An early map of the proposed entity
The numbers look a little different, though, when you examine the far northern rural reaches of the state along the Oregon border, where in June of this year three counties held referenda on whether to join a future State of Jefferson (reviving a 1941 plan to create an—as it then would have been—49th state straddling the old California–Oregon line).  In last month’s vote, 56% of voters in Tehama County gave the 51st-state idea a thumbs-up, and that advisory (i.e. non-binding) measure result was bolstered on July 15th by Tehama’s board of supervisors voting 5-0 to back the idea in light of public opinion.

In two other northern counties which polled voters on the question in June, Del Norte and Siskiyou, the idea was defeated by “no” votes of 59% and 56%, respectively.  In Siskiyou, at least—which is the heart of the Jefferson movement—the final count probably belies a majority support for the idea: some voters were turned off by a more radical strain of Jeffersonian separatism which wanted to erect a libertarian-anarchist-style “Republic of Jefferson” with its own currency and judicial system.  The head of the Jefferson Republic Committee, Anthony Intiso, promises a new approach after the Siskiyou results, saying voter turnout could be key.  Opposition to the idea was strongest in the county’s southern half—data Intiso plans to use as the republicans regroup. “With better education,” Intiso says, “Measure C would have passed, I believe.
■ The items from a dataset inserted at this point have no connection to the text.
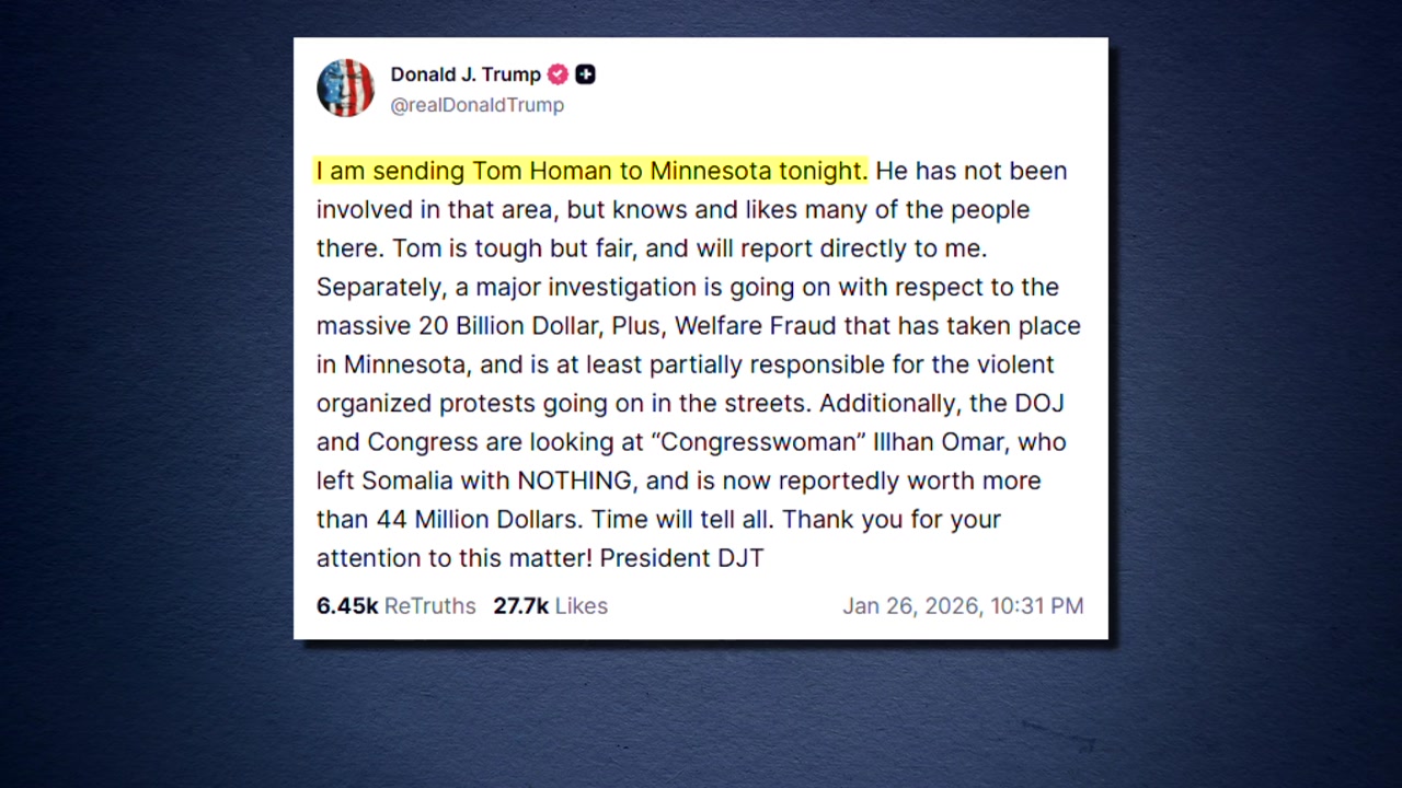 트럼프 대통령은 소셜미디어에 "톰 호먼을 미네소타로 파견한다"며 "호먼은 현지 인사들을 잘 알고 있고 좋아한다"고 적었습니다.
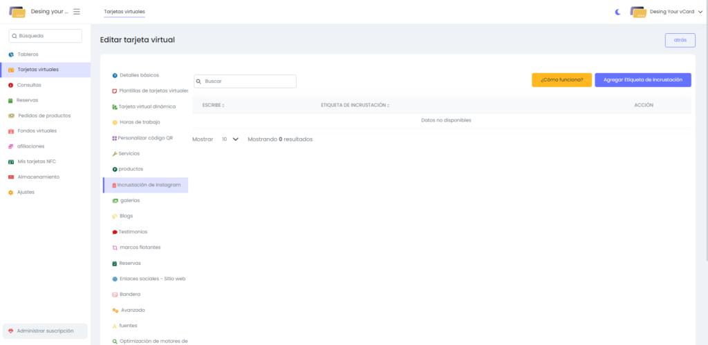 - Agregue la etiqueta Insertar en la sección Insertar de Instagram de vCard
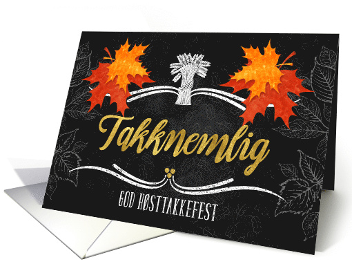 | Artist Notes: | Thanksgiving gratitude and blessings is the message of this chalkboard and autumn themed holiday greeting in Norwegian for those who embrace their Norway heritage, but call the United States their home and celebrate the harvest season here in the states. |
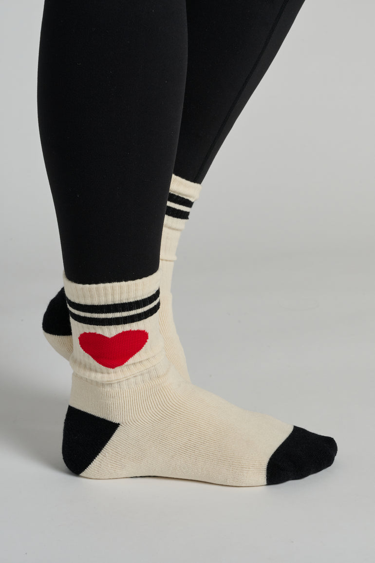The Be Love Crew Sock combines a soft, breathable cotton blend with sporty stripes, a heart graphic, and on-trend crew length for all-day comfort.
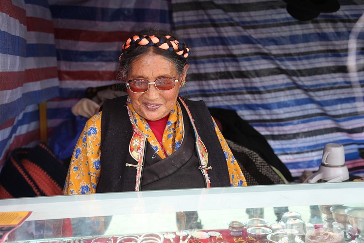 已近古稀之年的羅布和央金從1992年起,便年年參加打隆物交會??钍蕉?、口碑好,純手工鍛造,再加上30年的堅守。讓他們經(jīng)營民族首飾的攤位成為了打隆物交會的必去“打卡地”之一。
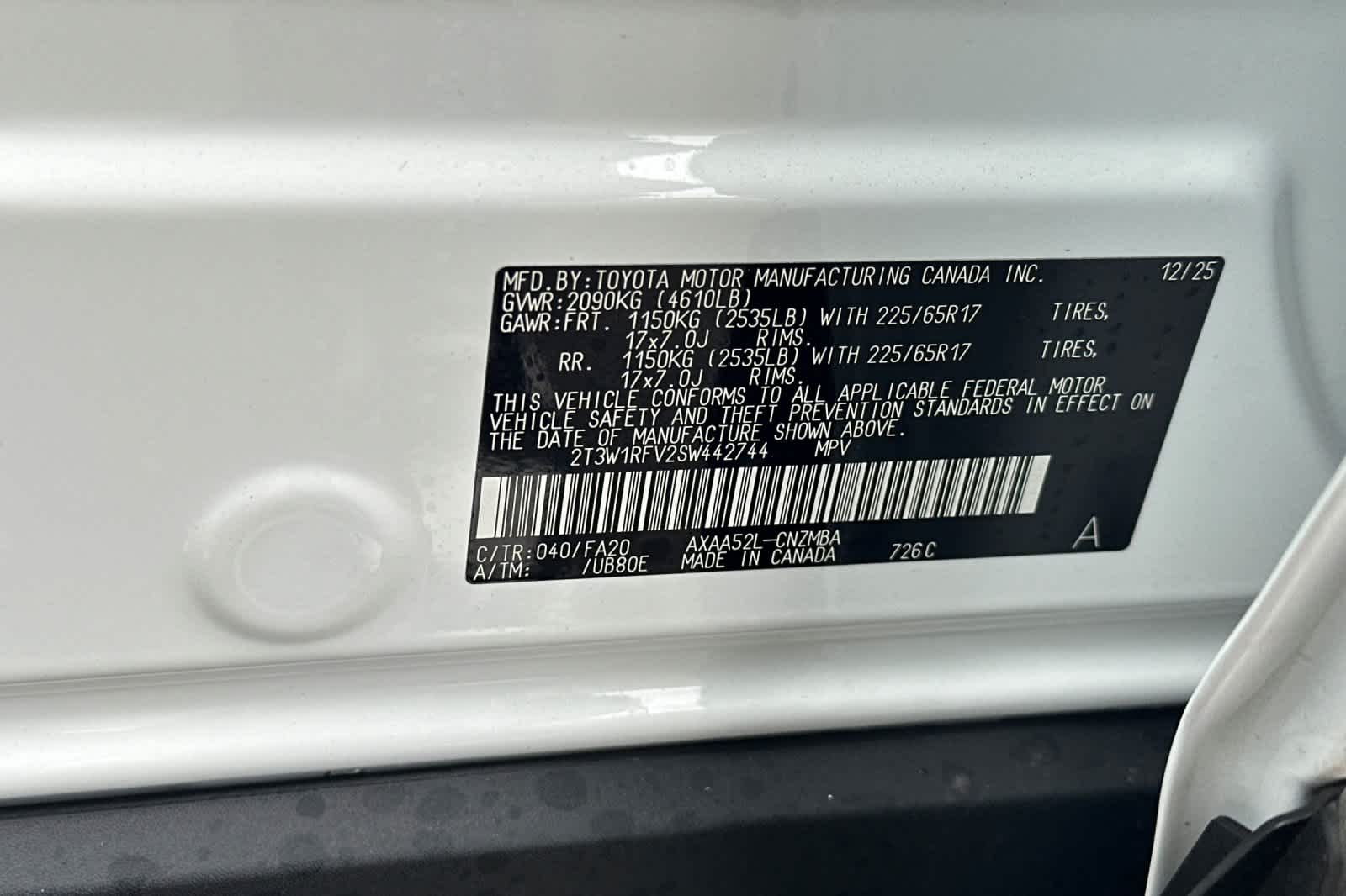 - VIN : 2T3W1RFV2SW442744

Last time, we pulled the entire thing together in just six months. I think we did pretty good for that.”

Anthony Intiso, third from left, father of the “Republic of Jefferson” movement
Even some of the opposing voices in Tehama should give Jefferson proponents reason for hope.  A letter to a Tehama County newspaper by one Diana Thompson, a former county administrator now living in Red Bluff, Tehama’s county seat, warned direly the other day, “The result [of a full-on push for statehood] would not be a State of Jefferson, but a U.S. Government protectorate or territory, something between Samoa and Puerto Rico because Congress will never accept us as a state.  In effect, we will lose all representation and be governed by Congress like Alaska and Hawaii were before statehood, which took decades.  Both the Philippines and Puerto Rico have [sic] been waiting almost a century to become states, and as we all know, Congress takes forever, if it even does anything.”  In addition to apparently thinking the U.S. still owns the Philippines (it became independent in 1946) and that U.S. territories don’t have their own legislatures, Thompson, bless her heart, also seems to think that it would be constitutionally possible, through some occult legal process, for Tehama County to sever itself irreparably from California—but not the United States—without gaining any kind of new status.  (And just think: this is a sample from the minority of Tehama County residents who even read newspapers to begin with!)  If I were a Jefferson proponent, I would be thinking: this lady is somebody who, if she had the right Tea-Party-distorted factoids lobbed in her general direction, could be brought around to believing just about anything.  (You know, like Bernice Cressey, who wrote to the same local paper, the Red Bluff Daily News, to warn that “those who oppose the State of Jefferson are either stupid or just plain liars.  Liberals will do anything to get their agenda passed.  Look at the I.R.S., N.S.A., V.A. scandals, too many to mention.  We’re already dealing with Agenda 21, with Common Core brainwashing our kids.”  Etc.)  (You know, she’s beginning to make sense.  Come to think of it ... say, I’m not sure I trust the pointy-headed intellectuals who run that newspaper in the first place.  After all, doesn’t “red bluff” mean ... Communist lie?!)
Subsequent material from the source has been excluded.